Les investisseurs perdent l’espoir que le développement des antibiotiques soit un jour rentable. En 2016, sept projets d’antibiotiques ont reçu un total de 173 millions de dollars de capital-risque privé. En 2019, seuls deux projets d’antibiotiques ont reçu un financement combiné de 11 millions de dollars. En comparaison, 123 traitements contre le cancer ont reçu un financement de série A depuis 2017. Lorsqu’il s’agit d’éviter une catastrophe mondiale en matière de santé publique, les nouveaux antibiotiques sont essentiels. Pourtant, le marché ne leur accorde essentiellement aucune valeur. Je pense qu’il est temps de trouver une solution politique.

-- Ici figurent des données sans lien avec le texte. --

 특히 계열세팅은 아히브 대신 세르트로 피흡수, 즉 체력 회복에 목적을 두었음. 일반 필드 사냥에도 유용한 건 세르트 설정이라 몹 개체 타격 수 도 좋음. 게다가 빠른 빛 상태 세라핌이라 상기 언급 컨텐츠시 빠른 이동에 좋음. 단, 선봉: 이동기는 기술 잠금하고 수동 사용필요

La loi américaine sur le développement d’une stratégie innovante pour les microorganismes résistants aux antimicrobiens (DISARM), récemment adoptée, est un bon début. Ce projet de loi permettrait à l’assurance maladie d’offrir un financement supplémentaire aux hôpitaux américains qui utilisent de manière responsable les nouveaux antibiotiques. La demande accrue des hôpitaux contribuera à soutenir les entreprises de biotechnologie qui poursuivent le développement d’antibiotiques. DISARM n’est qu’un élément d’un ensemble de solutions politiques nécessaires pour lutter contre les superbactéries.

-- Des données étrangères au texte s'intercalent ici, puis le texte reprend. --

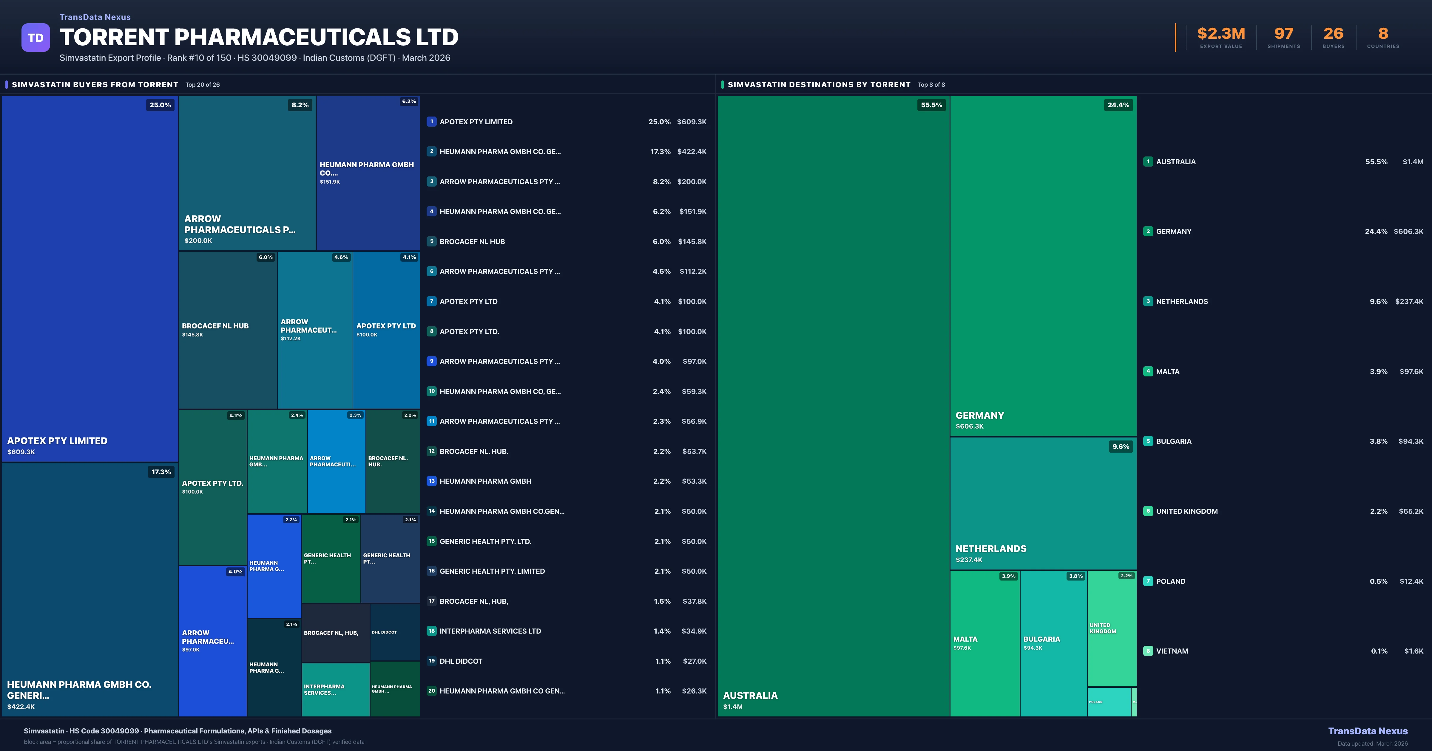 Torrent Pharmaceuticals Ltd — Simvastatin Export Profile: Buyers & Destinations

Des incitations financières directes, telles que des subventions de recherche, seraient également utiles. Par l’intermédiaire de CARB-X et de la Biomedical Advanced Research and Development Authority, le gouvernement américain a consacré plus de 100 millions de dollars en subventions à la R&D sur les antibiotiques au cours des trois dernières années.

Les experts en santé publique conseillent aux gouvernements de récompenser les entreprises dont les nouveaux antibiotiques ont déjà été commercialisés. De telles politiques incitent les fabricants de médicaments en rendant le succès commercial plus prévisible. Elles garantissent également que le public ne paie que pour les traitements qui démarrent. Dans une analyse de 30 types différents d’incitations commerciales, DriveAB, une organisation européenne dédiée à la lutte contre la résistance aux antibiotiques, a mis en évidence les récompenses à l’entrée sur le marché comme étant le moyen le plus efficace de revitaliser la recherche. Malgré leur grand potentiel, peu de mesures ont été prises jusqu’à présent pour mettre en œuvre de telles incitations.

Les superbactéries menacent la santé publique. Il est temps que les décideurs politiques contribuent à la mise en place d’un marché des antibiotiques et donnent à leurs électeurs l’accès à des remèdes qui peuvent leur sauver la vie.